# Validating a JWT
[`JwtValidator`](crate::jwt::validator::JwtValidator) verifies a compact JWS and
checks the registered claims in one call: it confirms the signature with a
[`JwsVerifier`](crate::crypto::verifier::JwsVerifier), enforces the temporal
claims (`exp`/`nbf`/`iat`), and applies whatever per-claim policy you configure
for `iss`/`sub`/`aud`/`typ`. On success it returns a
[`ValidatedJwt`](crate::jwt::validator::ValidatedJwt) carrying the claims,
deserialized into a type of your choosing.
This guide covers the claim policy; for where the
[`JwsVerifier`](crate::crypto::verifier::JwsVerifier) itself comes from — wiring
the default JWKS-backed stack or swapping it — see [configuring JWT
verification](crate::_docs::guide::configuring_jwt_verification).
Build a validator with the [builder](crate::jwt::validator::JwtValidator::builder),
then call [`validate`](crate::jwt::validator::JwtValidator::validate):
```rust
# use std::sync::Arc;
# use huskarl_core::crypto::{
# KeyMatchStrength,
# verifier::{JwsVerifier, KeyMatch, VerifyError},
# };
# use huskarl_core::platform::MaybeSendBoxFuture;
# // Stand-in for the verifier your crypto backend (or a JWKS source) provides.
# #[derive(Debug)]
# struct BackendVerifier;
# impl JwsVerifier for BackendVerifier {
# fn key_match(&self, _m: &KeyMatch<'_>) -> Option<KeyMatchStrength> {
# Some(KeyMatchStrength::ByAlgorithm)
# }
# fn verify<'a>(
# &'a self,
# _input: &'a [u8],
# _signature: &'a [u8],
# _key_match: &'a KeyMatch<'a>,
# ) -> MaybeSendBoxFuture<'a, Result<(), VerifyError>> {
# Box::pin(async move { Ok(()) })
# }
# }
use huskarl_core::jwt::validator::{ClaimCheck, JwtValidator};
use serde::Deserialize;
#[derive(Clone, Deserialize)]
struct Claims {
scope: String,
}
# async fn example(verifier: BackendVerifier, token: &str) -> Result<(), Box<dyn std::error::Error>> {
let validator = JwtValidator::builder()
.verifier(verifier)
.iss(ClaimCheck::required_value("https://issuer.example"))
.aud(ClaimCheck::require_any(["https://api.example"]))
.require_exp(true)
.allowed_algorithms(["ES256".to_string(), "RS256".to_string()])
.build();
let validated = validator.validate::<Claims>(token).await?;
println!("scope: {}", validated.claims.scope);
# Ok(())
# }
```
## Claim policy
Each of `iss`, `sub`, `aud`, and `typ` takes a [`ClaimCheck`](crate::jwt::validator::ClaimCheck):
- [`required_value`](crate::jwt::validator::ClaimCheck::required_value) — the
claim must be present and equal this value.
- [`require_any`](crate::jwt::validator::ClaimCheck::require_any) — present and
one of these values (the usual choice for `aud`).
- [`if_present`](crate::jwt::validator::ClaimCheck::if_present) — checked only
when the claim is present.
- [`present`](crate::jwt::validator::ClaimCheck::present) — must be present, any
value.
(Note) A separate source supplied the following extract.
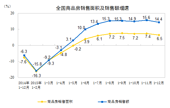 2015年,商品房销售面积128495万平方米,比上年增长6.5%,增速比1-11月份回落0.9个百分点。其中,住宅销售面积增长6.9%,办公楼销售面积增长16.2%,商业营业用房销售面积增长1.9%。商品房销售额87281亿元,增长14.4%,增速回落1.2个百分点。其中,住宅销售额增长16.6%,办公楼销售额增长26.9%,商业营业用房销售额下降0.7%。
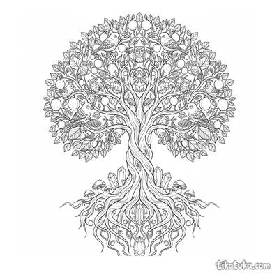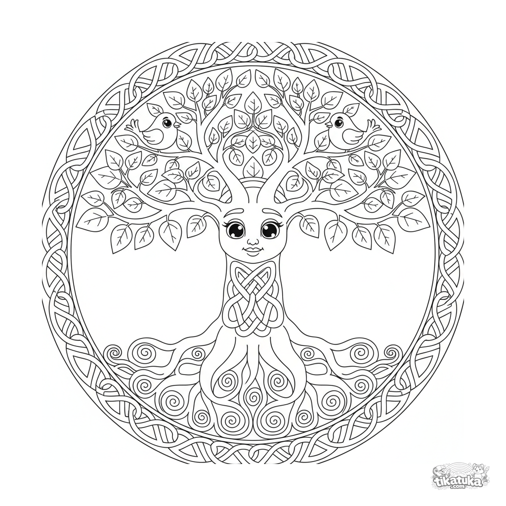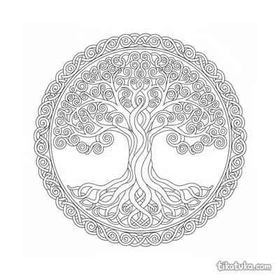 Komplexes keltisches Baum-des-Lebens-Mandala-Ausmalbild für 10-12 Jahre. Stamm und Äste aus geflochtenen Knoten, Wurzeln, Blätter und Vögel. Symmetrisches Knotenmuster.

The default is no check.
## Safe defaults
`exp` is **not** required by default — a validly-signed token with no expiry is
accepted. Call `require_exp(true)` unless non-expiring tokens are intentional.
Restrict accepted algorithms with `allowed_algorithms` to pin an allowlist;
regardless, the `none` algorithm is always rejected. To reject replayed tokens,
supply a [`JtiUniquenessChecker`](crate::jwt::JtiUniquenessChecker) via
`jti_checker`, and set `clock_leeway` to tolerate small clock skew.